===== THE INPUT =====

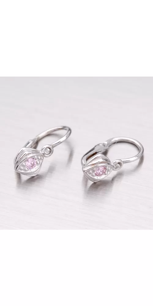 Detské náušnice sú vyrobené z bieleho štrnásťkarátového zlata 585/1000 v lesklej povrchovej úprave s jedným zirkónom ružovej farby. Náušničky sa zapínajú na brizúry.
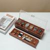 Caja de exhibición multifuncional para colección de almacenamiento de relojes y gafas de 3 posiciones con grano de madera de nogal negro, versión retro al por mayor.
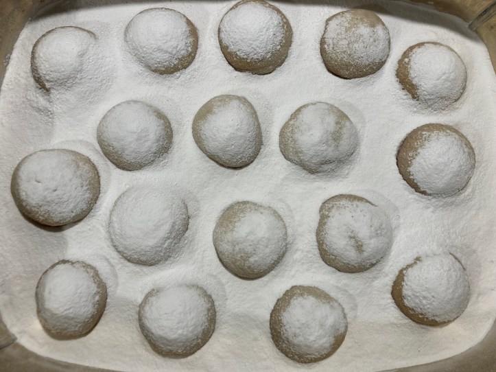 * Bak zoveel koekjes als je nodig hebt, bewaar het resterende deeg (tot enkele dagen) in de koelkast en bak een tweede lading koekjes als de eerste op is. De poedersuiker kun je dan zeven en hergebruiken.
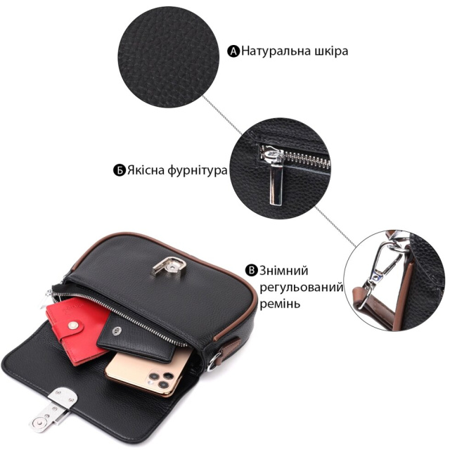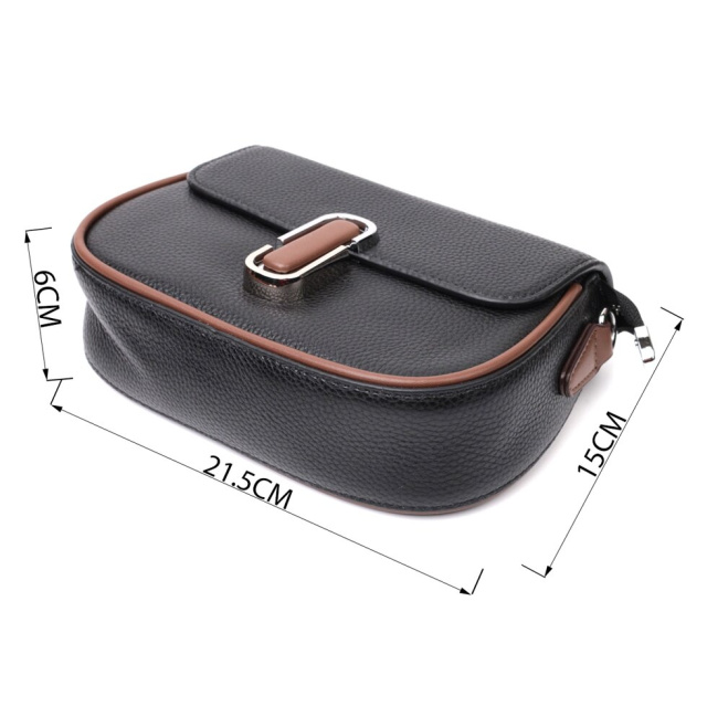 Класична жіноча сумка з якісної натуральної шкіри, яка довго носиться і не втрачає свого первісного вигляду. Аксесуар складається з одного основного відділення всередині якого потайна кишеня на блискавці, кишеня відкритого типу та кишеня-перегородка, а зовні, на тильній стороні розташована кишеня на блискавці. Носити сумку можна в руці, на плечі і через плече, для цього є шкіряний ремінь, що знімається. У виробі використано якісну фурнітуру срібного кольору. Універсальний варіант сумки як на вечір так і як сумочка на кожен день.
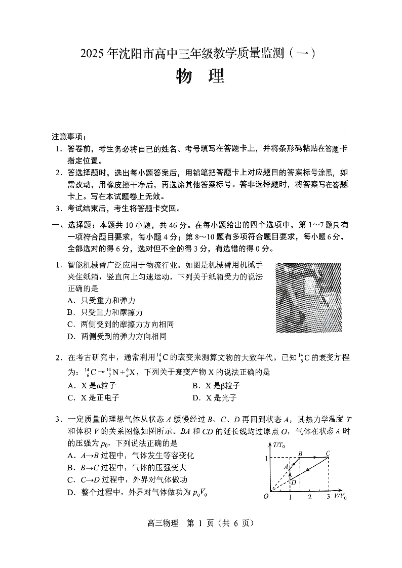 辽宁省沈阳市2025年高中三年级教学质量监测(一模)物理
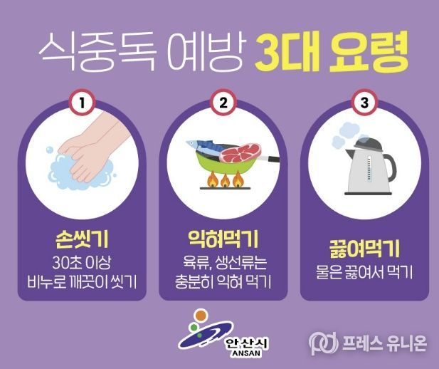 이민근 안산시장은 “식중독은 기본적인 위생수칙 준수만으로도 충분히 예방할 수 있다”며 “손 씻기, 익혀 먹기, 끓여 먹기 등 개인위생 수칙을 생활화해 주시길 바란다”고 말했다.
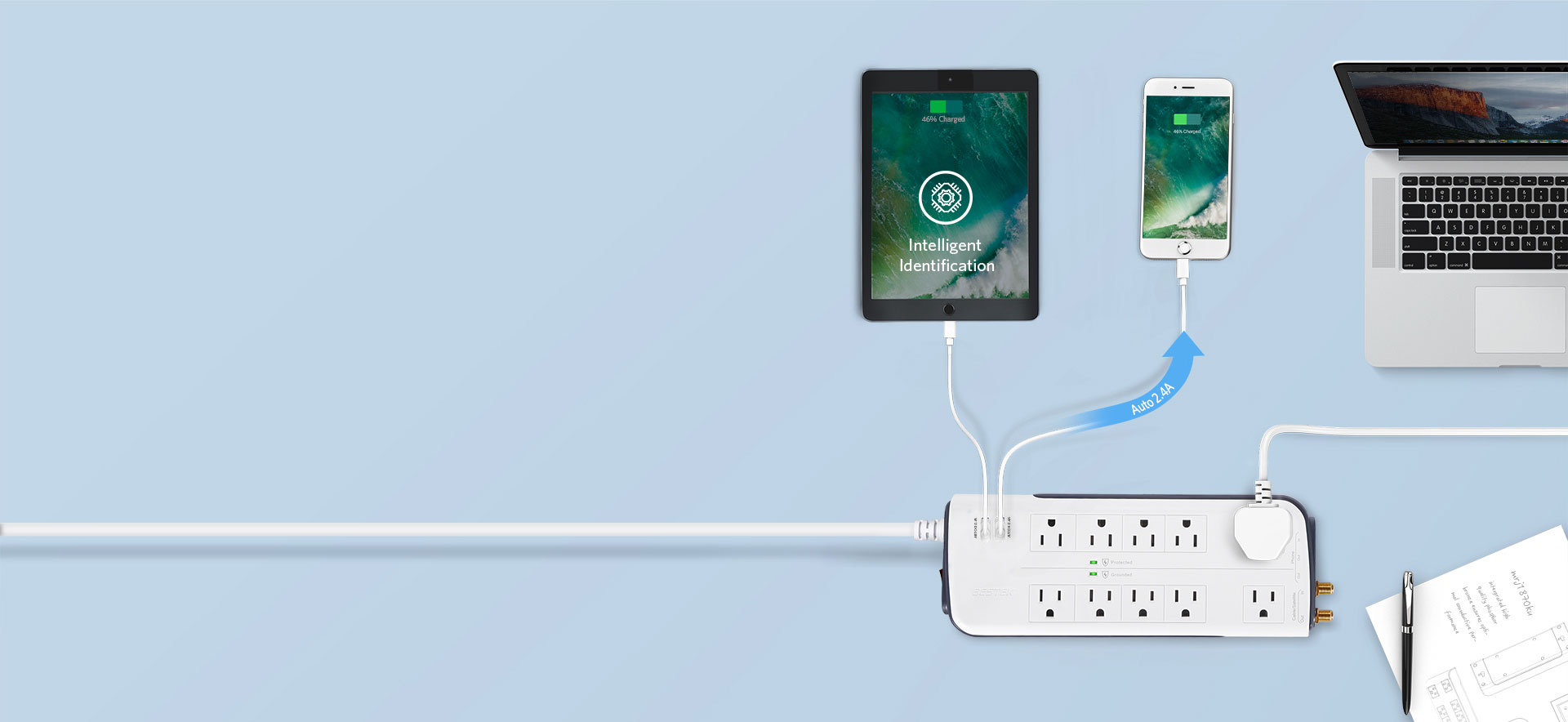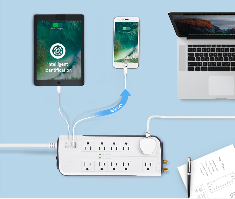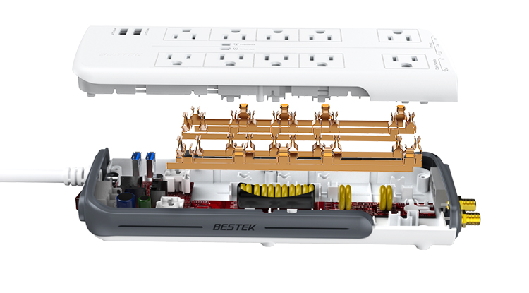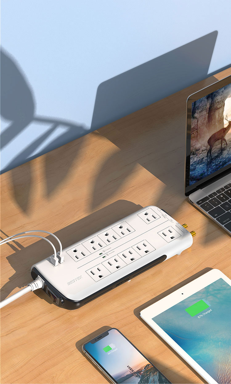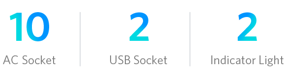 Equipped with 10 AC outlets plus 2 5V/2.4A USB
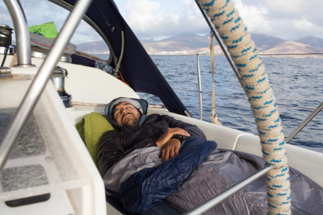 Thus began the first adventure of Viento Nómada: 10 days sailing from Lanzarote to Gran Canaria. We slept in wild bays, bivouacked on isolated beaches, and explored caves and small oases within ravines. A transformative journey for 5 friends and a sailboat.
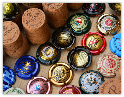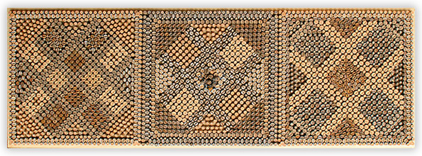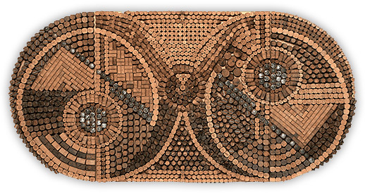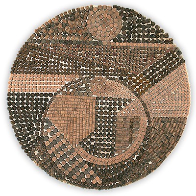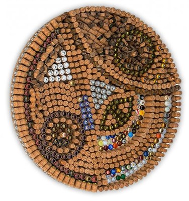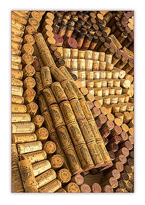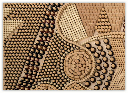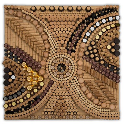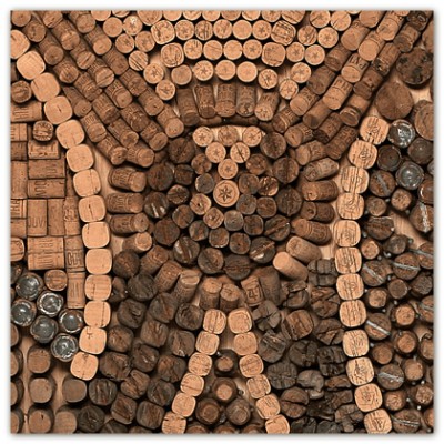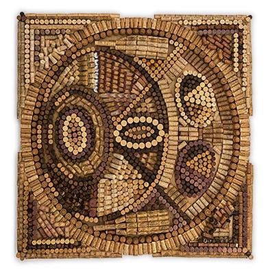 Aesthetically, I attempt to express ordinary objects—wine and champagne corks and labels—with their own unaltered attributes: functional shape, size, texture, natural hues, and even their imprints. The geometric process begins with small clusters of sorted materials selected from piles. These seem to align, to suggest curves and lines that often oppose each other, forging abstract, dynamic spaces. Within such spatial coordinates, patterns are completed with materials at hand.
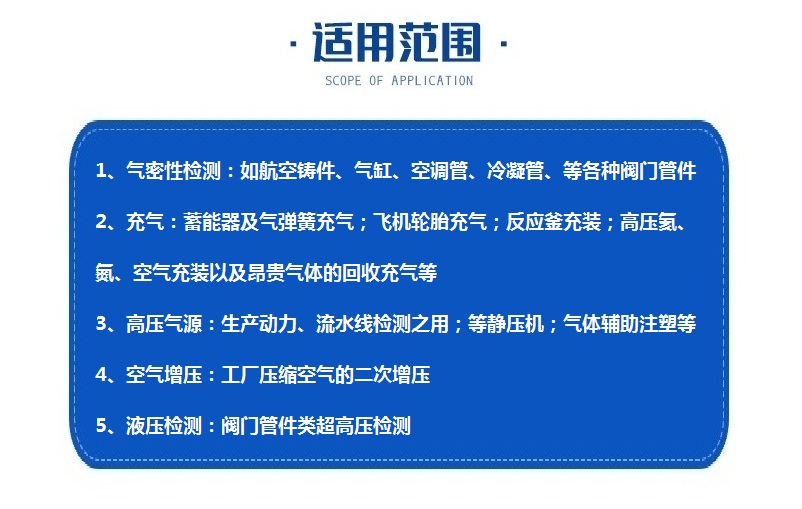 4、主要用于工厂压缩空气的二次增压,高压反应釜的充装,其它需各种高压气体的场合;
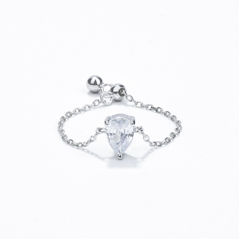 R22747 S925 silver zircon encrusted pear-shaped adjustable ring
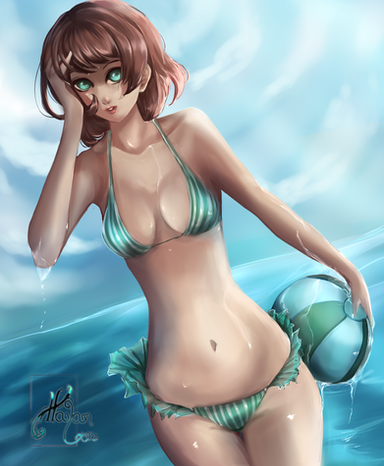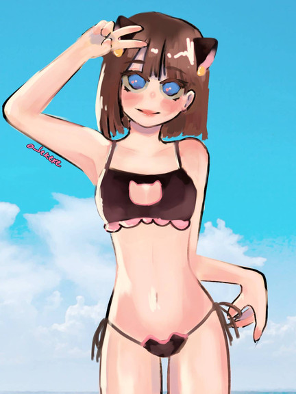 #bow #girl #illustration #shorthair #bikinigirl #bikiniswimsuit #digitalart #digitaldrawing #digitalpainting #animemangagirl #shorthairgirl

=====

§ **WHAT IS BEING ASKED**:
Could you repeat, exactly and with nothing else, the lines from the first line of the records through the line containing "Caja de exhibición"? Leave out the pictures.

§ **OUTPUT**:
 Detské náušnice sú vyrobené z bieleho štrnásťkarátového zlata 585/1000 v lesklej povrchovej úprave s jedným zirkónom ružovej farby. Náušničky sa zapínajú na brizúry.
 Caja de exhibición multifuncional para colección de almacenamiento de relojes y gafas de 3 posiciones con grano de madera de nogal negro, versión retro al por mayor.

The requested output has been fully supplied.